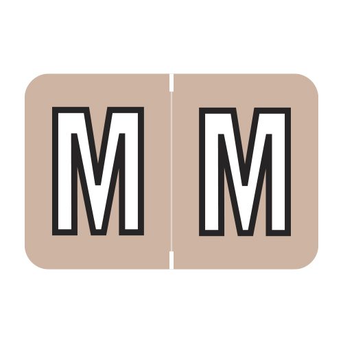 These are Barkley FACPM Compatible Letter “M” Alpha Labels. Each label wraps around the end of a file folder to label that folder for alphabetical filing. These labels are solid tan with a double white letter “M” character. The “M” will be visible on each side of the folder when applied. Each label is 1″ Wide x 1-1/2″ high. Labels are laminated and sold in roll of 500.
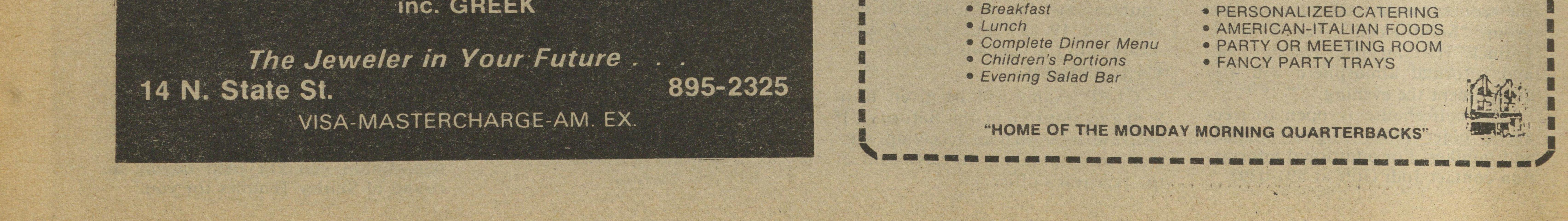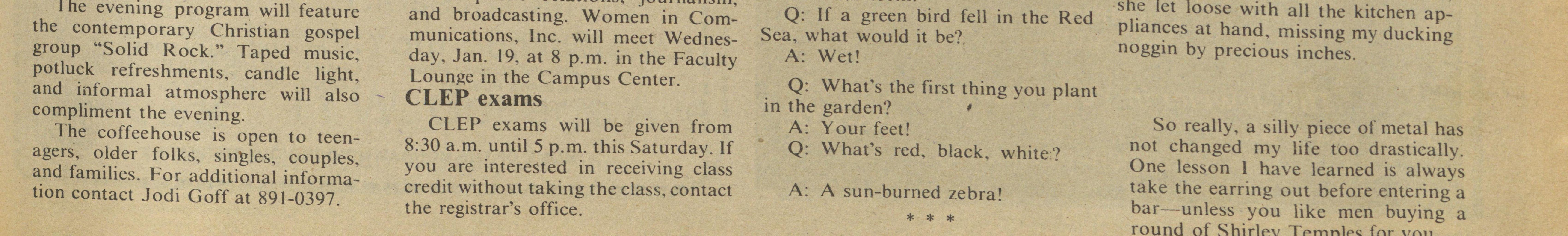 Q: What the best thing to put in a home during break, instead of Mom house" January 28, from 8 to 11 :30 greeting me with a lengthy rundown of Join the professionals in these pie? p.m. fields: public relations, journalism, A: Your teeth! how many homes she sold this month, The evening program will feature and broadcasting. Women in Com Q: If a green bird fell in the Red she let loose with all the kitchen ap the contemporary Christian gospel munications, Inc. will meet Wednes Sea, what would it be? pliances at hand, missing my ducking group "Solid Rock." Taped music, noggin by precious inches. day, Jan. 19, at 8 p.m. in the Faculty A: Wet! potluck refreshments, candle light, Lounge in the Campus Center. and informal atmosphere will also CLEP exams
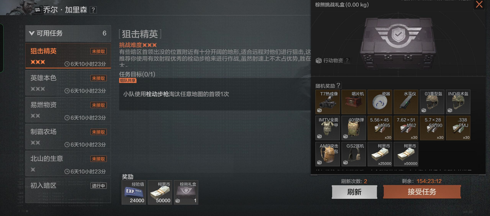除此之外他还会每周一发布5个难度不一的周常任务,完成这些任务可以获得柯恩币以及能开出高价值物品的礼盒。如果某些任务对于先锋来说较难,也可以通过每周2次的任务刷新次数来获取新的任务。
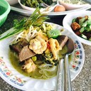 ร้านขนมจีนอีกหนึ่งร้าน ที่ได้มาลองชิม #ที่นี่แม่ค้าใจดี จัดเส้นขนมจีนใส่จานแล้ว ส่วนน้ำแกงให้ลูกค้าตักราดเองนักเลงพอ :) มีน้ำยากะทิ ไตปลา แกงเขียวหวานไก่ และไข่ต้ม รสชาติ อร่อยปานกลาง เติมพริกเพิ่มความเผ็ดซักหน่อย ส่วนร้านข้างๆมีไก่ทอดขาย ซื้อมากินเพลินๆ แม่ค้าอารมณ์ดีมากๆ ราคาทั่วไป แวะเวียนมาชิมดูนะคะ. *ร้านหยุดทุกวันจันทร์ดูเพิ่มเติม
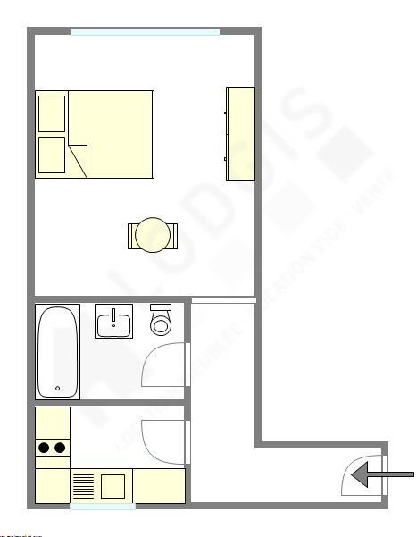 Este apartamento é composto de um salão com azuleijo no piso vista sobre pátio. Este salão calmo mobiliado et equipado para uma agradável estância : televisaõ, lençois, colchas, mesa de jantar, prateleira, guarda-roupa, 2 cadeira(s).
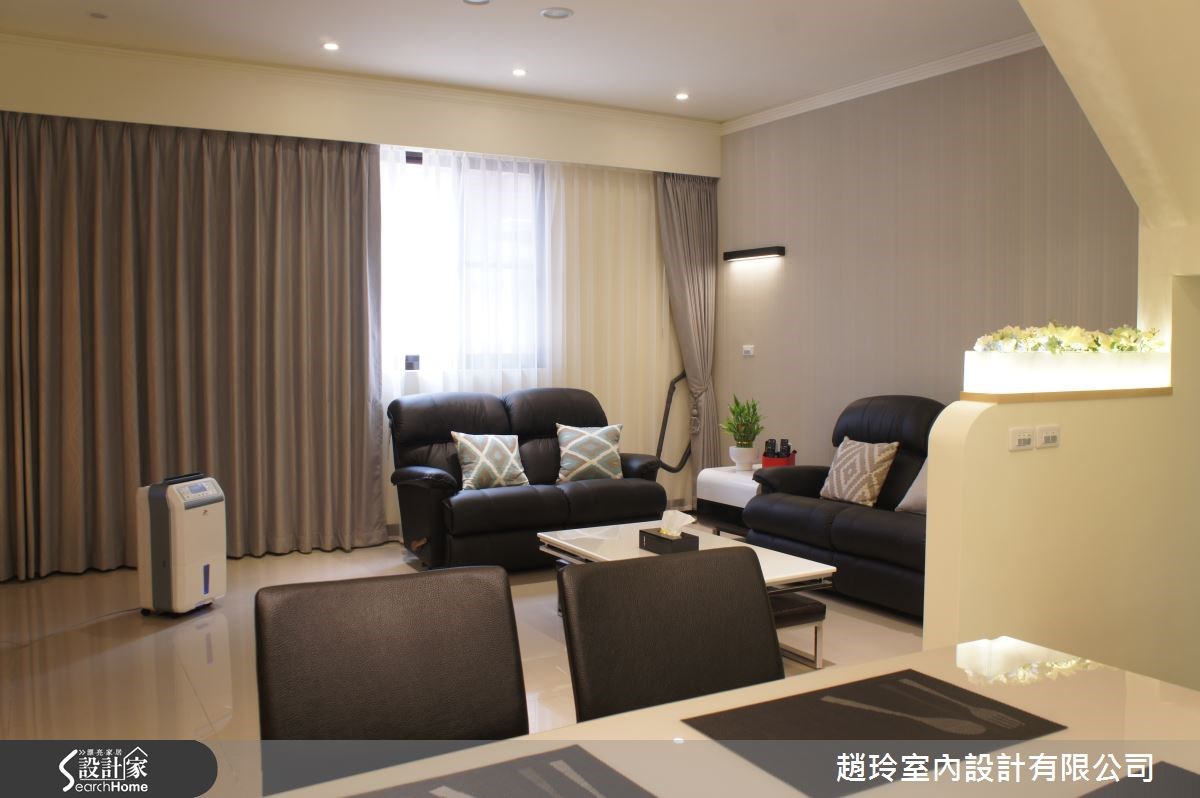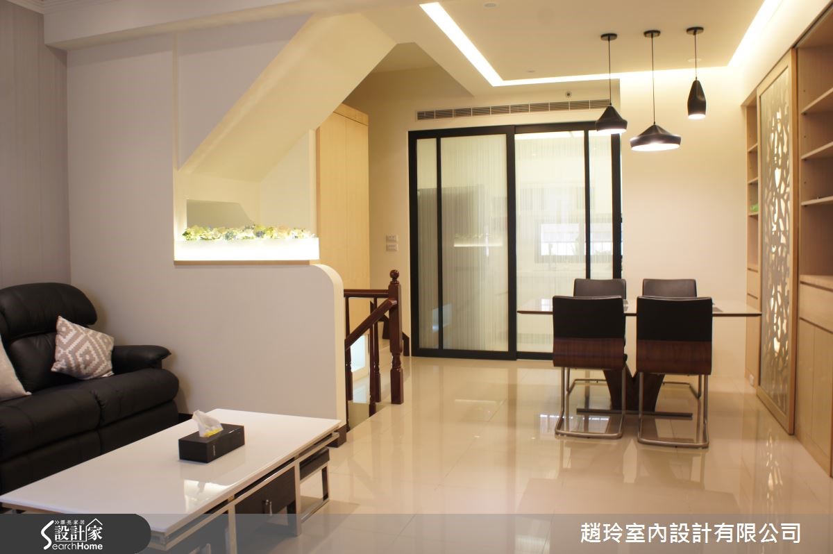 264平方米的四层楼别墅,是从事教职业屋主一家五口的温馨居所,当初交屋时,发现房屋内多有瑕疵,所以找来设计师改造空间,女主人较偏爱新古典风格,而孩子们则喜欢乡村与简约感,于是设计师以混搭风设计打造居宅,并佐以光源设计,让大宅在高雅之中释放温馨感。【透过高雅的光源,营造温馨感】公共空间采开放式格局,透过天花板梁柱切分出客、餐厅区域,但以一整面木皮立面墙,自电视墙延伸至餐厅墙面,串联起两个空间,并同时于墙面加入收纳展示机能,配置镂空的黑色雕花柜体门片,注入高雅的居家质感。卧房以藕灰色为主,两侧对称墙纸搭配典雅壁灯,让室内充满质感;而顶楼的女孩房则在床头墙上方加入壁灯,与墙上嵌置的典雅图腾互映成视觉焦点,让卧房显得小巧精致,并在床侧配置收纳柜体与书桌,搭配一旁铺木地板的小阳台,让人可纾压放松。
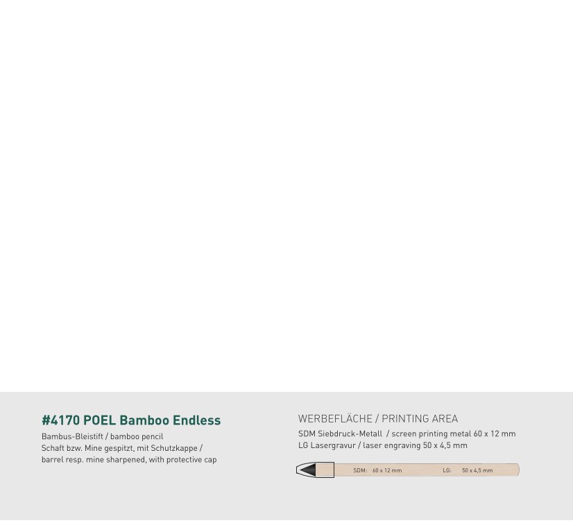 Ob fürs Büro, in der Freizeit, Schule oder Uni: Schreib- und Zeichenkomfort wie mit einem herkömmlichen Bleistift, jedoch besitzt dieser Stift eine ökologisch wertvolle Graphenspitze, die kaum abnutzt, immer gespitzt bleibt und radierbar ist. Neben der Langlebigkeit ist das gleichbleibende feine Schriftbild ein weiterer Pluspunkt – die Graphenspitze schreibt und schreibt und schreibt…. man könnte fast sagen „unendlich“. Geschützt wird die Spitze durch eine Steckkappe. Der handliche und angenehm anzufassende Schaft ist aus schnell nachwachsendem Bambus gefertigt und somit ist jeder Stift einzigartig und doppelt „Grün“. Ein ganz besonderes Werbegeschenk!

-- -- --

# Required action:
When you copy the records above, keep every word exact and leave out the pictures they contain.

# Output of the task:
 These are Barkley FACPM Compatible Letter “M” Alpha Labels. Each label wraps around the end of a file folder to label that folder for alphabetical filing. These labels are solid tan with a double white letter “M” character. The “M” will be visible on each side of the folder when applied. Each label is 1″ Wide x 1-1/2″ high. Labels are laminated and sold in roll of 500.
 Q: What the best thing to put in a home during break, instead of Mom house" January 28, from 8 to 11 :30 greeting me with a lengthy rundown of Join the professionals in these pie? p.m. fields: public relations, journalism, A: Your teeth! how many homes she sold this month, The evening program will feature and broadcasting. Women in Com Q: If a green bird fell in the Red she let loose with all the kitchen ap the contemporary Christian gospel munications, Inc. will meet Wednes Sea, what would it be? pliances at hand, missing my ducking group "Solid Rock." Taped music, noggin by precious inches. day, Jan. 19, at 8 p.m. in the Faculty A: Wet! potluck refreshments, candle light, Lounge in the Campus Center. and informal atmosphere will also CLEP exams
除此之外他还会每周一发布5个难度不一的周常任务,完成这些任务可以获得柯恩币以及能开出高价值物品的礼盒。如果某些任务对于先锋来说较难,也可以通过每周2次的任务刷新次数来获取新的任务。
 ร้านขนมจีนอีกหนึ่งร้าน ที่ได้มาลองชิม #ที่นี่แม่ค้าใจดี จัดเส้นขนมจีนใส่จานแล้ว ส่วนน้ำแกงให้ลูกค้าตักราดเองนักเลงพอ :) มีน้ำยากะทิ ไตปลา แกงเขียวหวานไก่ และไข่ต้ม รสชาติ อร่อยปานกลาง เติมพริกเพิ่มความเผ็ดซักหน่อย ส่วนร้านข้างๆมีไก่ทอดขาย ซื้อมากินเพลินๆ แม่ค้าอารมณ์ดีมากๆ ราคาทั่วไป แวะเวียนมาชิมดูนะคะ. *ร้านหยุดทุกวันจันทร์ดูเพิ่มเติม
 Este apartamento é composto de um salão com azuleijo no piso vista sobre pátio. Este salão calmo mobiliado et equipado para uma agradável estância : televisaõ, lençois, colchas, mesa de jantar, prateleira, guarda-roupa, 2 cadeira(s).
 264平方米的四层楼别墅,是从事教职业屋主一家五口的温馨居所,当初交屋时,发现房屋内多有瑕疵,所以找来设计师改造空间,女主人较偏爱新古典风格,而孩子们则喜欢乡村与简约感,于是设计师以混搭风设计打造居宅,并佐以光源设计,让大宅在高雅之中释放温馨感。【透过高雅的光源,营造温馨感】公共空间采开放式格局,透过天花板梁柱切分出客、餐厅区域,但以一整面木皮立面墙,自电视墙延伸至餐厅墙面,串联起两个空间,并同时于墙面加入收纳展示机能,配置镂空的黑色雕花柜体门片,注入高雅的居家质感。卧房以藕灰色为主,两侧对称墙纸搭配典雅壁灯,让室内充满质感;而顶楼的女孩房则在床头墙上方加入壁灯,与墙上嵌置的典雅图腾互映成视觉焦点,让卧房显得小巧精致,并在床侧配置收纳柜体与书桌,搭配一旁铺木地板的小阳台,让人可纾压放松。
 Ob fürs Büro, in der Freizeit, Schule oder Uni: Schreib- und Zeichenkomfort wie mit einem herkömmlichen Bleistift, jedoch besitzt dieser Stift eine ökologisch wertvolle Graphenspitze, die kaum abnutzt, immer gespitzt bleibt und radierbar ist. Neben der Langlebigkeit ist das gleichbleibende feine Schriftbild ein weiterer Pluspunkt – die Graphenspitze schreibt und schreibt und schreibt…. man könnte fast sagen „unendlich“. Geschützt wird die Spitze durch eine Steckkappe. Der handliche und angenehm anzufassende Schaft ist aus schnell nachwachsendem Bambus gefertigt und somit ist jeder Stift einzigartig und doppelt „Grün“. Ein ganz besonderes Werbegeschenk!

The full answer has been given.